Lee H, Pacheco R,  . Tumor Stroma Ratio in Colorectal Cancer. Encyclopedia. Available at: Accessed November 30, 2023.
Lee, Hwajeong, Richard Pacheco,  . "Tumor Stroma Ratio in Colorectal Cancer" Encyclopedia, (accessed November 30, 2023).
Lee, H., Pacheco, R., & , .(2022, May 19). Tumor Stroma Ratio in Colorectal Cancer. In Encyclopedia.
Lee, Hwajeong, et al. "Tumor Stroma Ratio in Colorectal Cancer." Encyclopedia. Web. 19 May, 2022.
Tumor Stroma Ratio in Colorectal Cancer

Colorectal cancer is the third leading cause of cancer-related death, and its incidence is rising in the younger patient population.  In the past decade, research has unveiled several processes (underlying tumorigenesis, many of which involve interactions between tumor cells and the surrounding tissue or tumor microenvironment (TME). Interactions between components of the TME are mediated at a sub-microscopic level. 

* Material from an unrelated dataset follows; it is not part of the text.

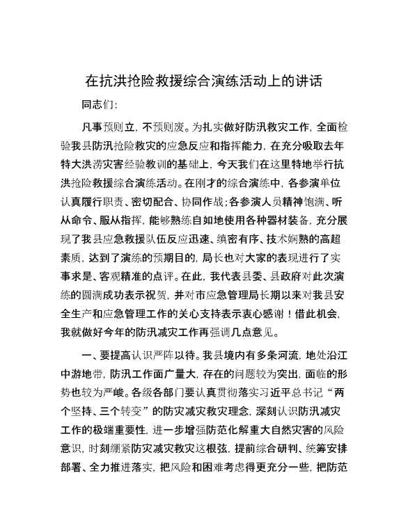 在抗洪抢险救援综合演练活动上的讲话 2024-06-10 Word模板 107 购买前,请一定要先点击这里看看,欢迎持续关注,精彩模板每天推送 预览结束,本文件为word文档,一共3页,共1453字,请购买后,下载后查看 购买前,请一定要先点击这里看看,欢迎持续关注,精彩模板每天推送 资源下载下载价格29 RMBVIP免费升级VIP点击检测网盘有效后购买有任何充值和下载问题请加微信:xuexixuexi66 0 演讲发言

colorectal cancer tumor stroma ratio tumor microenvironment

1. Tumor Microenvironment in Colorectal Cancer

Histologic biomarkers focus on morphologic aspects of the tumor and its composition rather than its anatomical location and behavior. The substance of the tumor is comprised not only of neoplastic cells but also surrounding stroma which includes immune cells, fibroblasts, signaling molecules and ECM. These components collectively make up the TME. Recent literature about the TME has shed light on CRC tumorigenesis and the complex interactions between tumor cells and the surrounding stroma [1][2][3].
On routine histologic assessment, pathologists can recognize prognostically valuable aspects of the TME, such as variations in tumor stroma, the presence of tumor budding and host inflammatory response [4]. Survival analyses have demonstrated that these histologic parameters may outperform conventional TNM staging [5][6]. Among these new features, the proportion of tumor stroma relative to tumor cells has been identified as an important determinant of tumor progression, especially in CRC [7].

1.1. Stroma

Stromal cells drive tumor progression via the secretion of soluble factors, modulation of the ECM and stimulation of cell migration [8]. Stromal cells provide a scaffold for tumoral cells to grow, supply survival signals including insulin growth factor and CXCL12 and lay down extracellular elements such as collagen, proteoglycans, glycoproteins and integrins [9]. This ECM deposition creates a protective environment for tumor cells by increasing stromal density and tension, which may prevent the efficacy of anticancer agents such as biologics and chemotherapy [8][9].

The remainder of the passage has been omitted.